*** Collected data ***

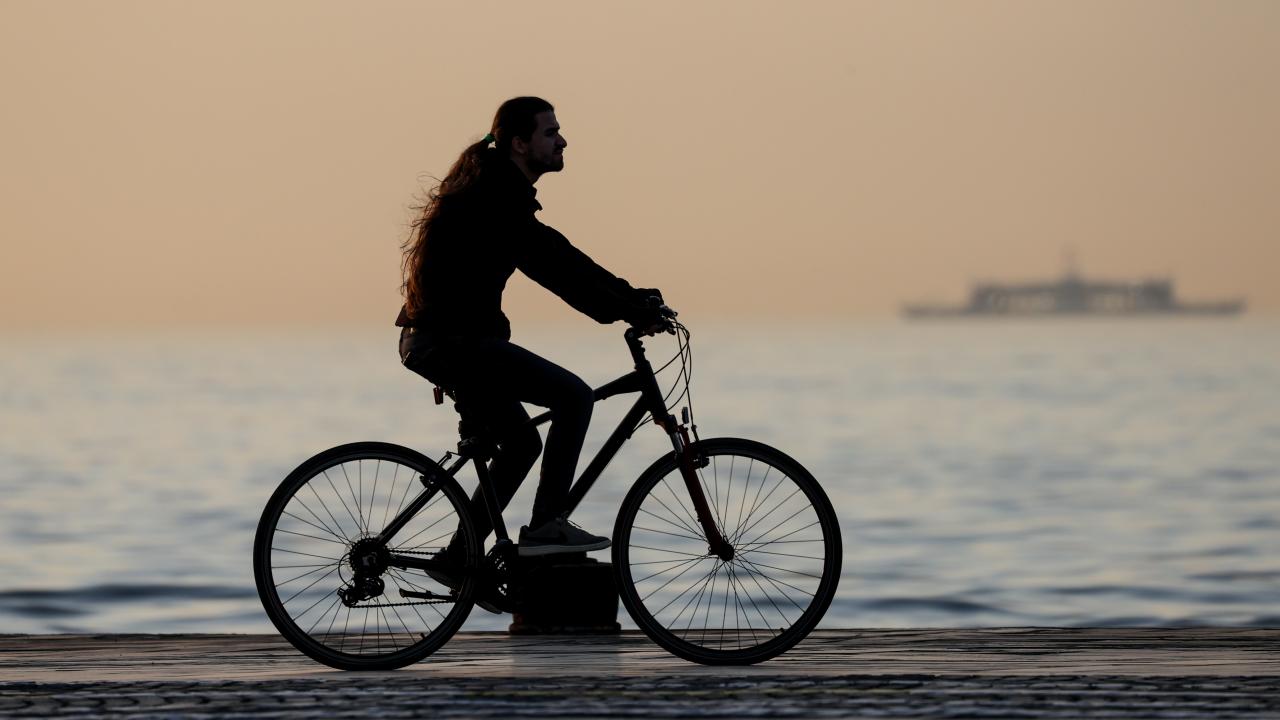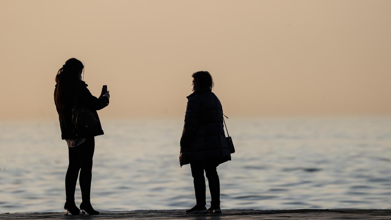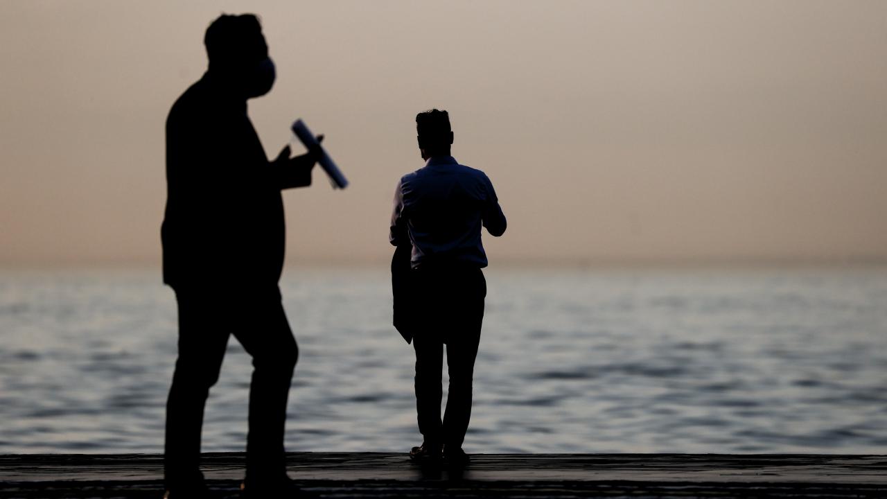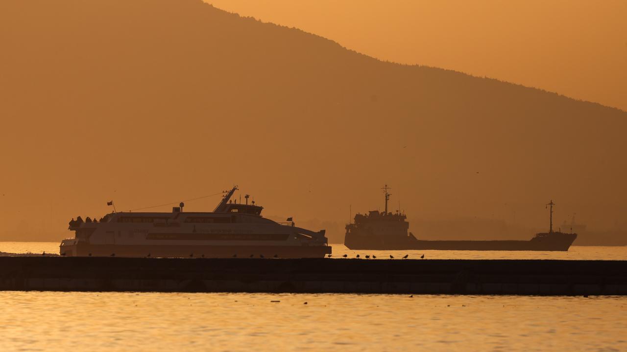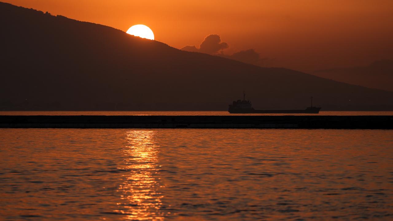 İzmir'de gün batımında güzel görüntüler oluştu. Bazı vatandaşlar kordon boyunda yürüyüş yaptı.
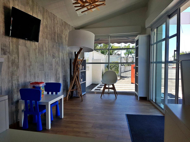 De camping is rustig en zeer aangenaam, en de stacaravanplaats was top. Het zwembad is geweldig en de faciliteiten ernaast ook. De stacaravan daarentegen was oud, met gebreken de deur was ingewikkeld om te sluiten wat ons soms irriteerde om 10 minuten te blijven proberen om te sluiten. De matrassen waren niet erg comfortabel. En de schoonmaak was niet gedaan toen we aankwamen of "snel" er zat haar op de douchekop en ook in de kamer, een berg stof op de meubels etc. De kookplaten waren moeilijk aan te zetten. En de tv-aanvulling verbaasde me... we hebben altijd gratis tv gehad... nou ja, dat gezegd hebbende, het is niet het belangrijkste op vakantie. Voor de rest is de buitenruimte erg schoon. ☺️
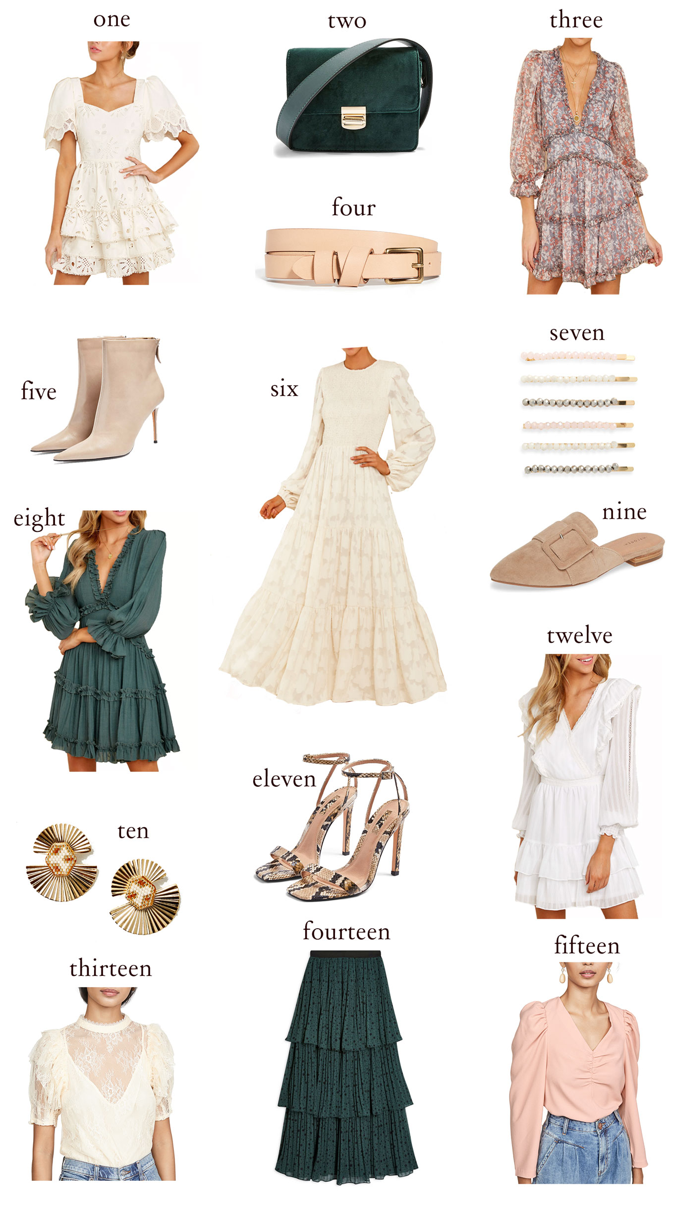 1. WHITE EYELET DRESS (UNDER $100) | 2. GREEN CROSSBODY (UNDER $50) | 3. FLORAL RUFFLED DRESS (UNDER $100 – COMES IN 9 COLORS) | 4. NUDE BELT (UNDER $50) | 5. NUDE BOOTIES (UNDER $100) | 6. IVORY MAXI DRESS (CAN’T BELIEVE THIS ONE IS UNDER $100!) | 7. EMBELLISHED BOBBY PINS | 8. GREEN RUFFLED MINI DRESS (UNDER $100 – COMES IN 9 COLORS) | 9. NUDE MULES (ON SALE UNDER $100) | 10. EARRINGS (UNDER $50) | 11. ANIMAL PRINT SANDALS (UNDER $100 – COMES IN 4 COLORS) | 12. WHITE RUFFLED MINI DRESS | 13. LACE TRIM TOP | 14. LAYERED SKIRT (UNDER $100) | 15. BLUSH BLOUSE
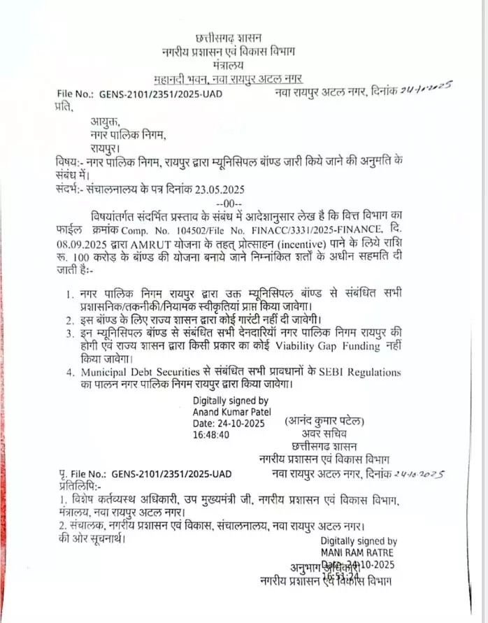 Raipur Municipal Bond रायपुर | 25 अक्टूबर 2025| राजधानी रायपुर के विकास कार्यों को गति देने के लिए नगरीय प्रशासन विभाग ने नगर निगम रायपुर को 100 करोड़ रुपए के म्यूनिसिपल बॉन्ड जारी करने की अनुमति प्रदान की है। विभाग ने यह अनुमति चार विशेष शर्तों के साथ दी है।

*** End of Collected data ***

Word for word, restate all of the data, but do not copy the pictures.

 İzmir'de gün batımında güzel görüntüler oluştu. Bazı vatandaşlar kordon boyunda yürüyüş yaptı.
 De camping is rustig en zeer aangenaam, en de stacaravanplaats was top. Het zwembad is geweldig en de faciliteiten ernaast ook. De stacaravan daarentegen was oud, met gebreken de deur was ingewikkeld om te sluiten wat ons soms irriteerde om 10 minuten te blijven proberen om te sluiten. De matrassen waren niet erg comfortabel. En de schoonmaak was niet gedaan toen we aankwamen of "snel" er zat haar op de douchekop en ook in de kamer, een berg stof op de meubels etc. De kookplaten waren moeilijk aan te zetten. En de tv-aanvulling verbaasde me... we hebben altijd gratis tv gehad... nou ja, dat gezegd hebbende, het is niet het belangrijkste op vakantie. Voor de rest is de buitenruimte erg schoon. ☺️
 1. WHITE EYELET DRESS (UNDER $100) | 2. GREEN CROSSBODY (UNDER $50) | 3. FLORAL RUFFLED DRESS (UNDER $100 – COMES IN 9 COLORS) | 4. NUDE BELT (UNDER $50) | 5. NUDE BOOTIES (UNDER $100) | 6. IVORY MAXI DRESS (CAN’T BELIEVE THIS ONE IS UNDER $100!) | 7. EMBELLISHED BOBBY PINS | 8. GREEN RUFFLED MINI DRESS (UNDER $100 – COMES IN 9 COLORS) | 9. NUDE MULES (ON SALE UNDER $100) | 10. EARRINGS (UNDER $50) | 11. ANIMAL PRINT SANDALS (UNDER $100 – COMES IN 4 COLORS) | 12. WHITE RUFFLED MINI DRESS | 13. LACE TRIM TOP | 14. LAYERED SKIRT (UNDER $100) | 15. BLUSH BLOUSE
 Raipur Municipal Bond रायपुर | 25 अक्टूबर 2025| राजधानी रायपुर के विकास कार्यों को गति देने के लिए नगरीय प्रशासन विभाग ने नगर निगम रायपुर को 100 करोड़ रुपए के म्यूनिसिपल बॉन्ड जारी करने की अनुमति प्रदान की है। विभाग ने यह अनुमति चार विशेष शर्तों के साथ दी है।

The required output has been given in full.